Let us decide now, for we may, to let our loving hearts enthrone Him.

Of Carols and Carnage

Among the beautiful carols of Christmas there is one that surely seems odd and out of place. At least that is how I, as a young child, thought of it. The haunting melody is in significant measure responsible for its lasting popularity, but the words are anything but joyful for a joyful celebration. Rather than recount the birth of the Savior, Jesus Christ, the song expresses the inconsolable sorrow of a mother of Bethlehem mourning the cruel murder of her little child. Popularly known as “The Coventry Carol,” it includes these words:

O sisters, too, how may we do,
For to preserve this day;
This poor Youngling for whom we sing,
By, by, lully, lullay.

Herod the King, in his raging,
Charged he hath this day;
His men of might, in his own sight,
All children young, to slay.

Then woe is me, poor Child, for Thee,
And ever mourn and say;
For thy parting nor say nor sing,
By, by, lully, lullay.

The song helps retell the sad chapter in the story of the early days of the Savior’s mortal life when jealous King Herod, fearful of even rumors of potential rivals for his throne, ordered the slaughter of all of the children in Bethlehem of two years old and younger. Sometime before, Herod had been advised by the wise men of the birth of the future King of the Jews. The wise men mistakenly thought that Herod would rejoice with them at the news of the birth of the Messiah and freely told him what they knew. Under cloak of feigned rejoicing, Herod sent the wise men to Bethlehem, the place prophesied in the scriptures as the city where Christ would be born. He urged them to report back when they found the child, that he might come “and worship him also.” (Matthew 2:8)

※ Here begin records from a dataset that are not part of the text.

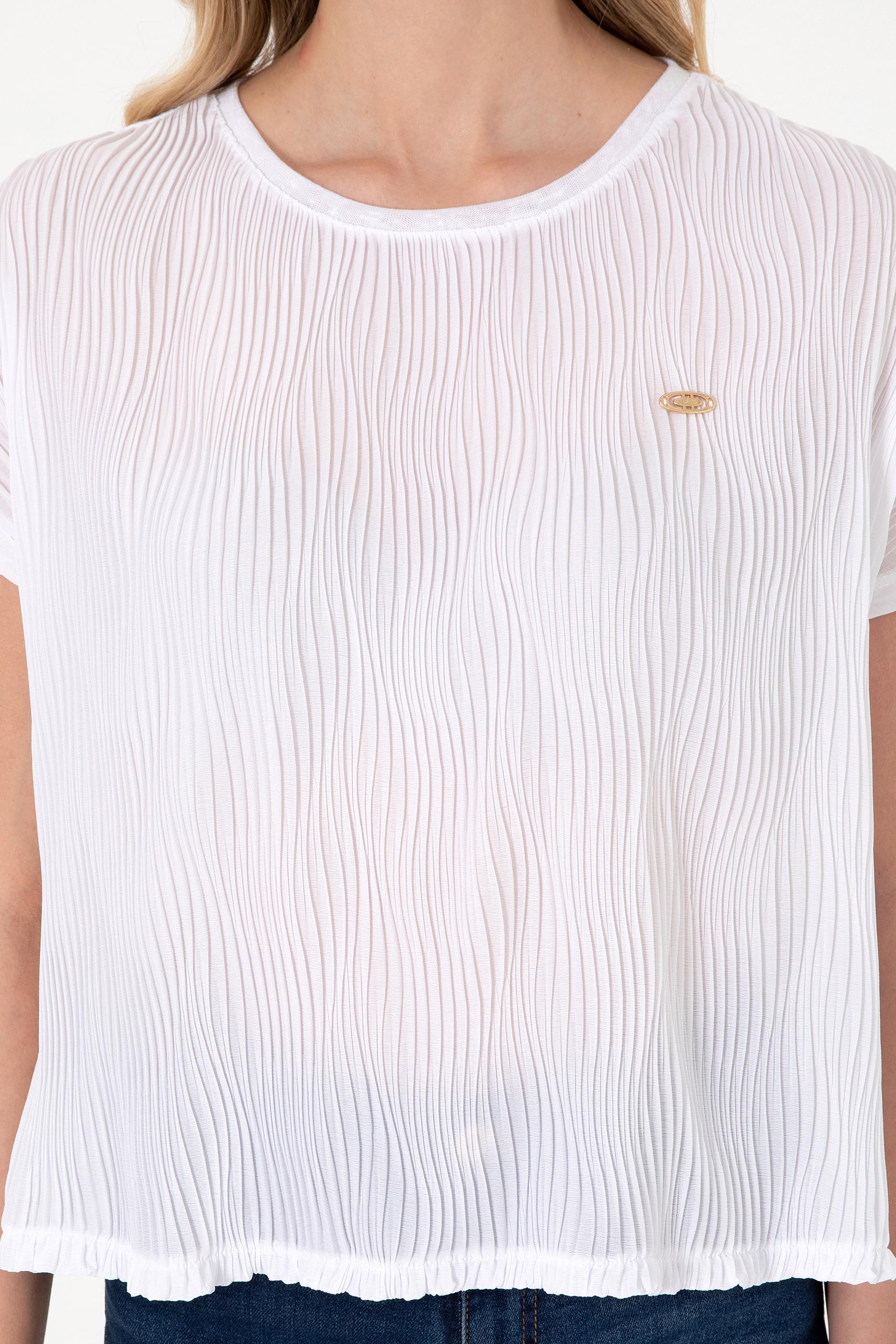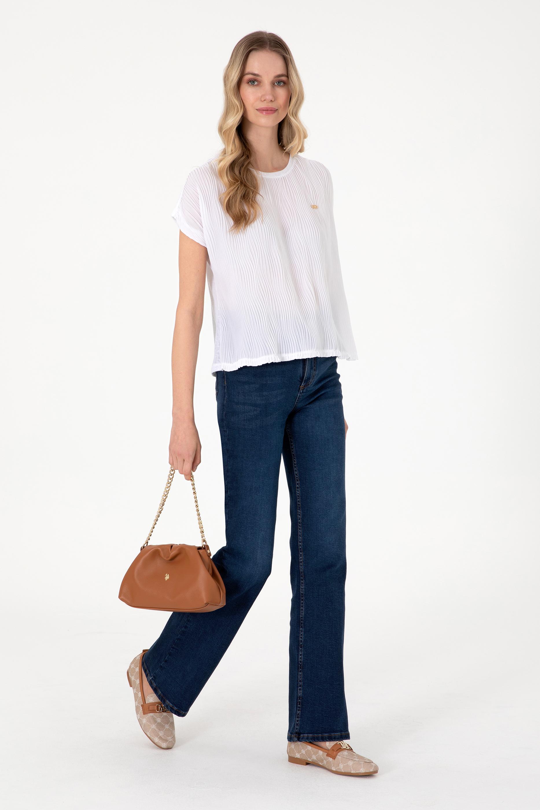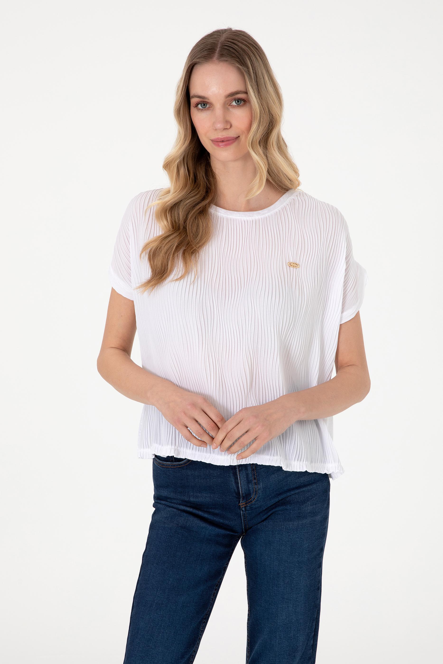 Kadın Beyaz Bisiklet Yaka Tişört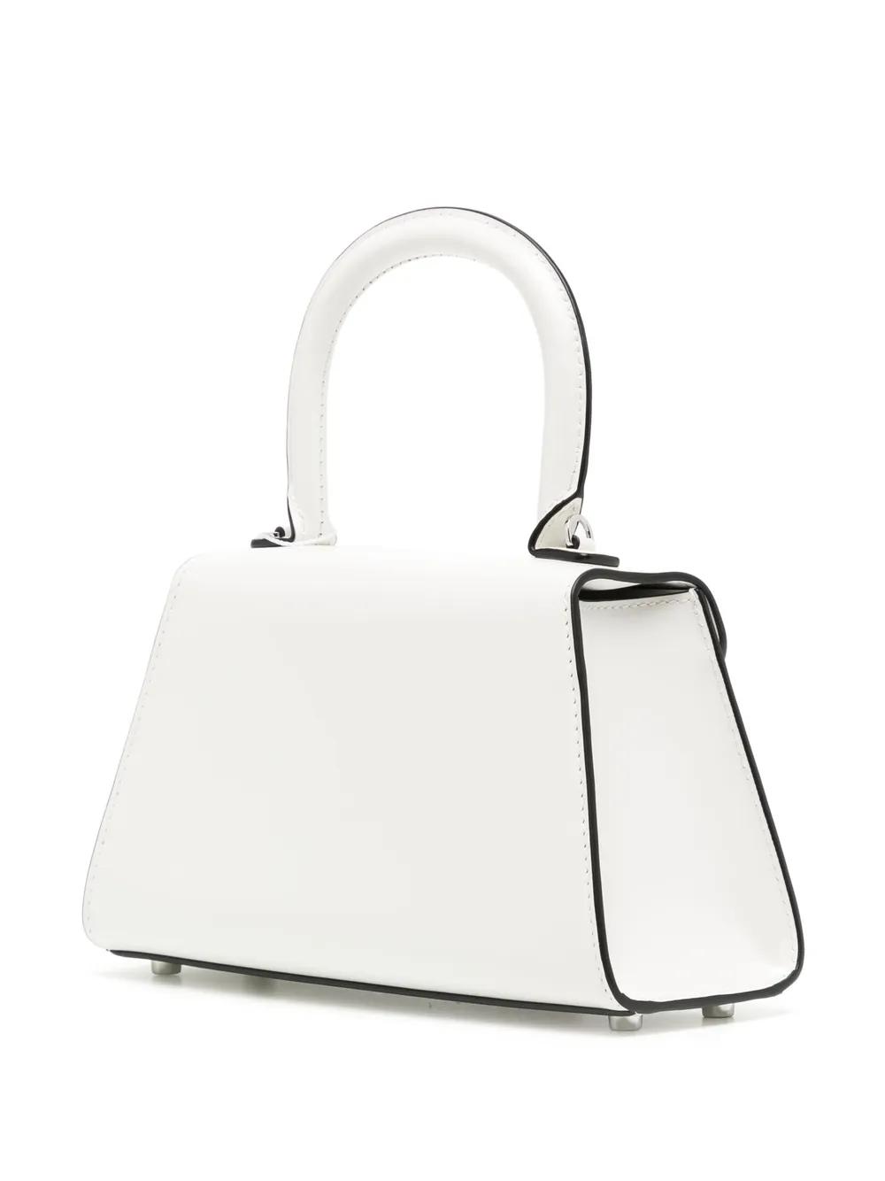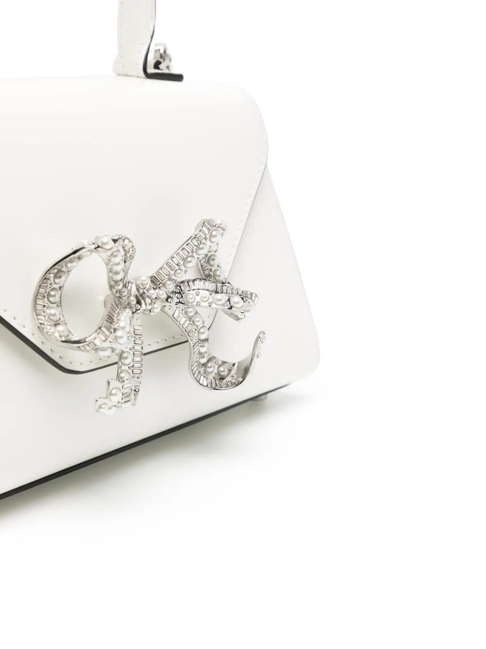 white leather crystal embellishment bow detailing foldover top single circular top handle detachable shoulder strap main compartment
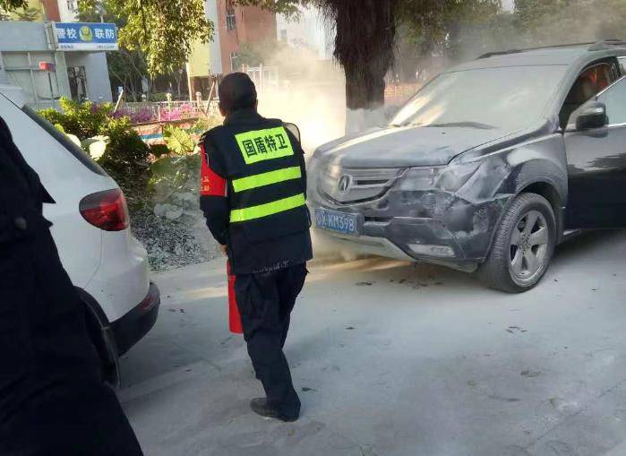 98彩网特卫乐从中学护卫点执勤保安人员陈蛟和纠察黄志刚发现火情,在及时通知队长张华东、大队长罗雪飞的同时,首先疏散围观群众,二人携带灭火器马上赶往失火车辆场,引导车主将车撤到安全地带,发现由于发动机火势较猛,烟较大,导致车前盖温度较高,无法开启。 黄志刚和陈蛟从车前盖缝隙的不同方向往发动机喷射干粉灭火剂,由于车前盖缝隙不大,一时间不能控制火势。罗大队接到通知从前门赶赴现场后,报火警119。在我们98彩网特卫乐从护卫点安保员齐心协力十五分钟使用干粉灭火器七罐,反复不间断的实施扑救,终于控制火势,校方领导和巡警也陆续赶到,最后成功灭火。车主、巡警及校方领导对我们98彩网特卫保安员立足本职工作、履行社会责任给予认可和肯定。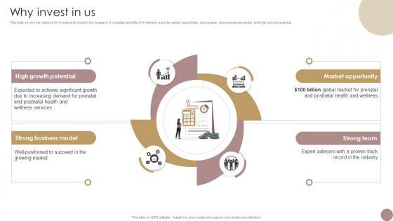 This slide covers the reasons for investors to invest in the company. It includes benefits of investment such as market opportunity, strong team, strong business model, and high growth potential. Explore a selection of the finest Why Invest In Us Women Wellness Coaching Platform Pitch Deck here. With a plethora of professionally designed and pre-made slide templates, you can quickly and easily find the right one for your upcoming presentation. You can use our Why Invest In Us Women Wellness Coaching Platform Pitch Deck to effectively convey your message to a wider audience. Slidegeeks has done a lot of research before preparing these presentation templates. The content can be personalized and the slides are highly editable. Grab templates today from Slidegeeks. This slide covers the reasons for investors to invest in the company. It includes benefits of investment such as market opportunity, strong team, strong business model, and high growth potential.

But worship was far from what Herod had in mind. Herod’s reaction was typical of many throughout history when confronted by the work of God. He saw only danger to his own power and sought to destroy God’s work if he could. The Lord warned the wise men, who avoided Jerusalem on their way back home. Herod struck out in anger and ordered the death of all of the young babies in Bethlehem. Again as throughout history, Herod missed his mark, for Jesus was no longer there. Joseph, warned by an angel, had taken his little family away to Egypt.

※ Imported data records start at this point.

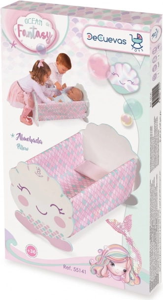 Roztomilá drevená kolíska pre bábiky z kolekcie OCEAN FANTASY očarí jemnými pastelovými farbami a motívom malej morskej víly. Ponúka kvalitné spracovanie, stabilnú konštrukciu a španielsky dizajn. Súčasťou je ružový vankúšik, ktorý doplní pohodlie bábiky. Ideálny doplnok do dievčenskej izby na kreatívne hranie a starostlivosť o bábiky.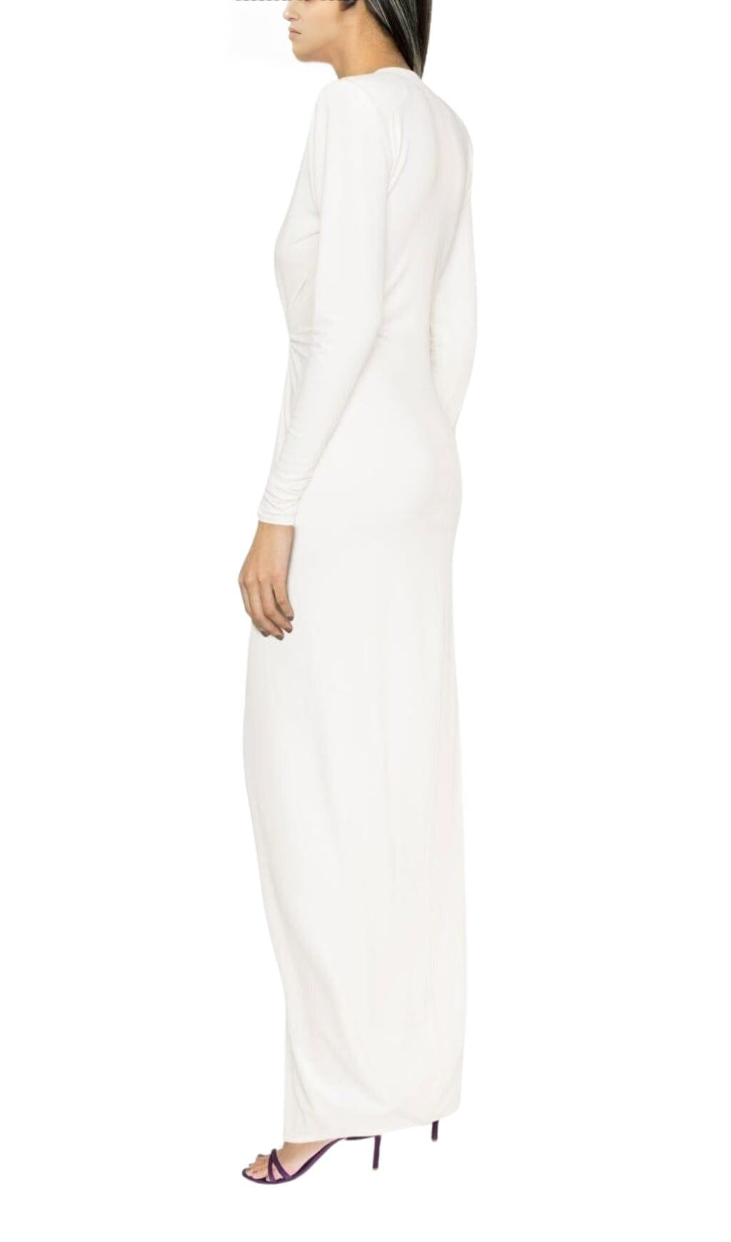 Dare to take risks with this bold white plunging-neck draped gown. Perfect for an adventurous night out. this striking gown will make heads turn and show off your daring side. Embrace the challenge with fashion-forward style!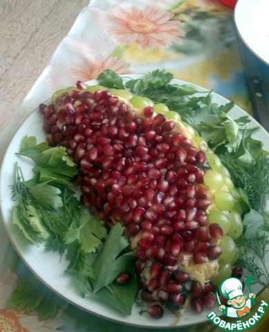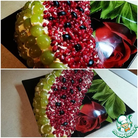 Идея оформления этого салатика появилась давно, благодаря одноименному тортику с нашего сайта. Спасибо Леночке за вдохновение! Готовила доче на ДР. Гостям и мне "долька" пришлась по вкусу. Уверена, что и Вам понравится ))).

Among those who take it upon themselves to second guess God there are those who would question why God would save His Son, while allowing all those other children in Bethlehem to be slain. Again, these critics miss the mark. They get it wrong by failing to consider the whole picture.

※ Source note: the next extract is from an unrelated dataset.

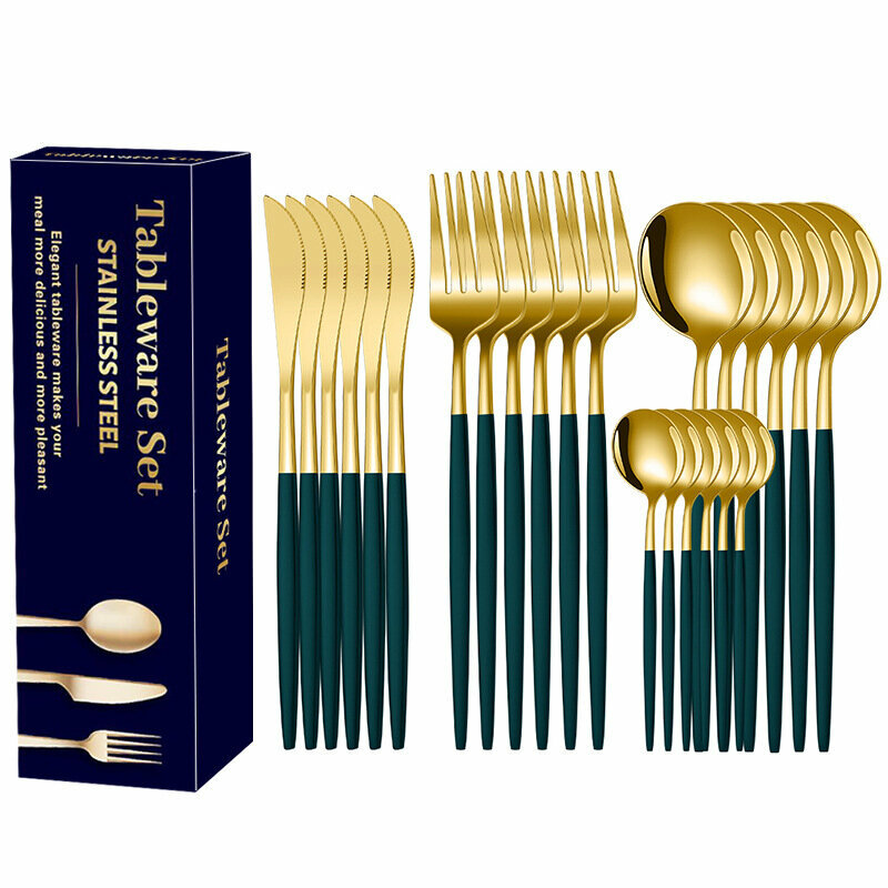 Набор посуды из нержавеющей стали 304 пробы (24 предмета) зеленое золото
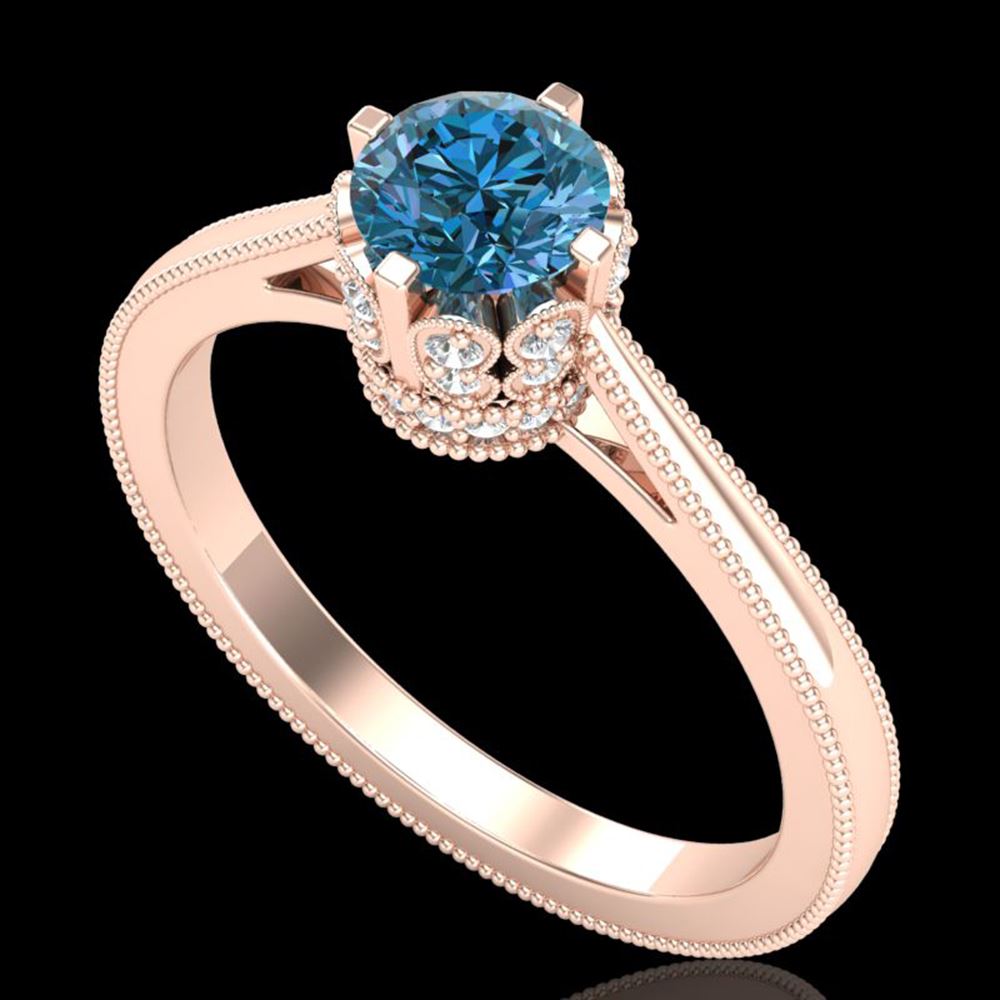 SKU: 37335 ---- 0.81 ctw Fancy Intense Blue Diamond Art Deco Ring 18k Rose Gold

God the Father did not spare His Son from the slaying of the children at Bethlehem. The unfair and cruel carnage begun in David’s city was finished on Calvary. Jesus’ life was spared only momentarily so that it could be offered as the last sacrifice for all. That seemingly doleful song merits an essential place in our Christmas celebration. It points us to the full meaning of Christmas as part of a story that winds through Bethlehem and leads through sorrow in Gethsemane to death on Calvary.

Importantly, the story continues on from there to a glorious resurrection morning on the third day. This saddest of carols reminds us that Christ was born to save us, in spite of the evils of the world that He most of all could not escape, a salvation that extends especially to the children of Bethlehem and to all of the little children of the world.